Write out only the lines from the start of the entries up to and including the line with "Грибы порежем и"; please skip the pictures.

[[ DATA SHOWN, beginning ]]

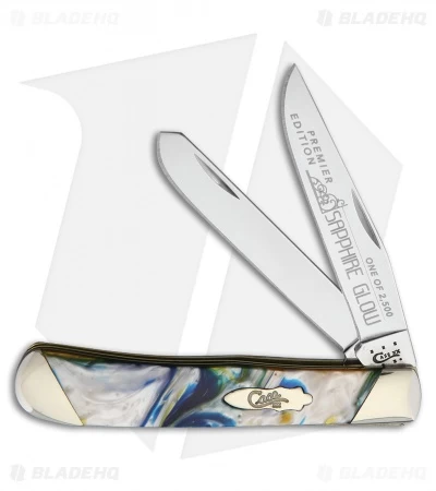 The Premier Edition Case Slanted Bolster Trapper knife with Sapphire Glow Corelon scales is a fantastic addition to any collection. Tru-Sharp surgical stainless steel blades are etched with “Premier Edition, One of 2,500, Sapphire Glow.” Sapphire Glow Corelon scales are a vivid swirl of blue, white and yellow, making each knife unique. Polished nickel silver bolsters with brass liners complete this beautiful and unique knife.
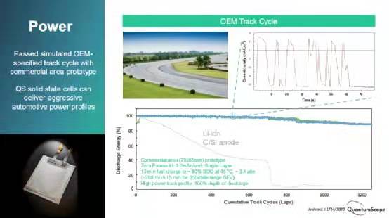 功率:QuantumScape完成了車企指定的90秒1200次工況循環仿真,放電倍率是6C。其中9次循環工程中完成完全放電,然后電池被加熱到45度,在15分鐘完成80% SOC。在130次全放電深度(FDOD)循環測試中,電池損失了約10%的容量。這意味著電池只能持續260次FDOD循環或大約75,000英里的駕駛。PPT上有一條注釋,指出發生在3.4 atm,這可能意味著處于高壓狀態。
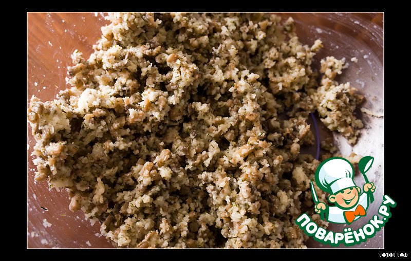 Грибы порежем и обжарим в сливочном масле (соль по вкусу). Затем, когда немного остынут, смешаем с измельчeнными сырами. Примерно вот до такой консистенции.
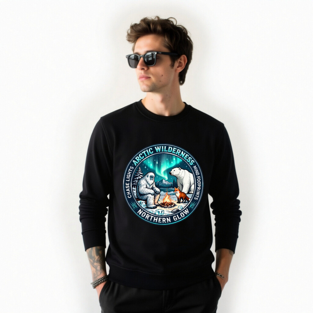 Wear the magic of the Arctic wilderness with this unisex organic sweatshirt. Featuring a vibrant circular design showcasing a yeti, polar bear, and fox gathered around a campfire under the aurora borealis—inspired by ‘Arctic Wilderness’ and ‘Northern Glow’. Crafted for comfort and sustainability, it’s perfect for nature lovers seeking cozy, eco-conscious style.
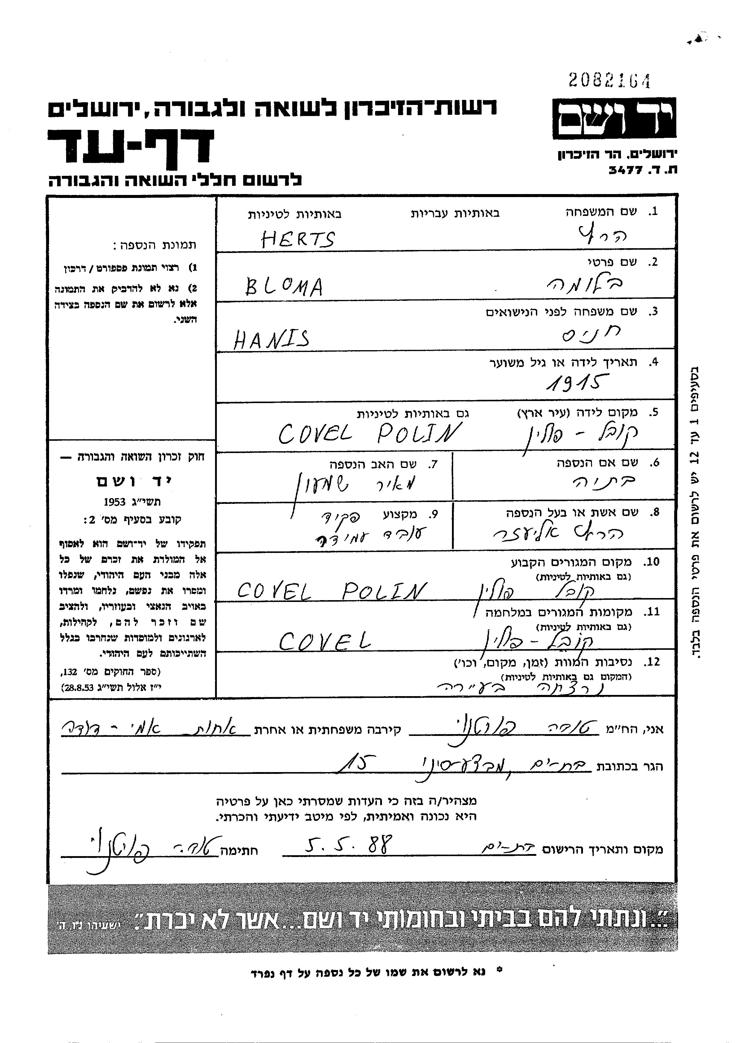 Herts Bloma Kowel, Pologne Feuille de témoignage
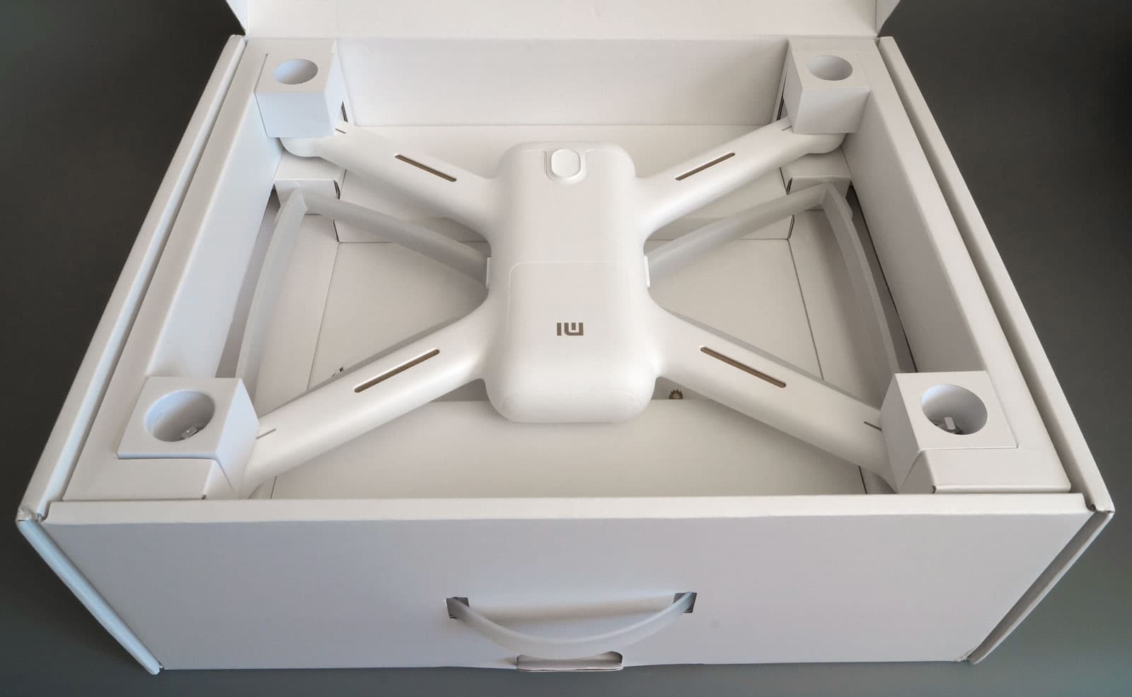 Камера поставляется в большой белой изящной коробке с умной конструкцией внутренних перегородок. Нет, наверное, поставляется все-таки квадрокоптер.

[[ DATA SHOWN, end ]]

TASK OUTPUT:
 The Premier Edition Case Slanted Bolster Trapper knife with Sapphire Glow Corelon scales is a fantastic addition to any collection. Tru-Sharp surgical stainless steel blades are etched with “Premier Edition, One of 2,500, Sapphire Glow.” Sapphire Glow Corelon scales are a vivid swirl of blue, white and yellow, making each knife unique. Polished nickel silver bolsters with brass liners complete this beautiful and unique knife.
 功率:QuantumScape完成了車企指定的90秒1200次工況循環仿真,放電倍率是6C。其中9次循環工程中完成完全放電,然后電池被加熱到45度,在15分鐘完成80% SOC。在130次全放電深度(FDOD)循環測試中,電池損失了約10%的容量。這意味著電池只能持續260次FDOD循環或大約75,000英里的駕駛。PPT上有一條注釋,指出發生在3.4 atm,這可能意味著處于高壓狀態。
 Грибы порежем и обжарим в сливочном масле (соль по вкусу). Затем, когда немного остынут, смешаем с измельчeнными сырами. Примерно вот до такой консистенции.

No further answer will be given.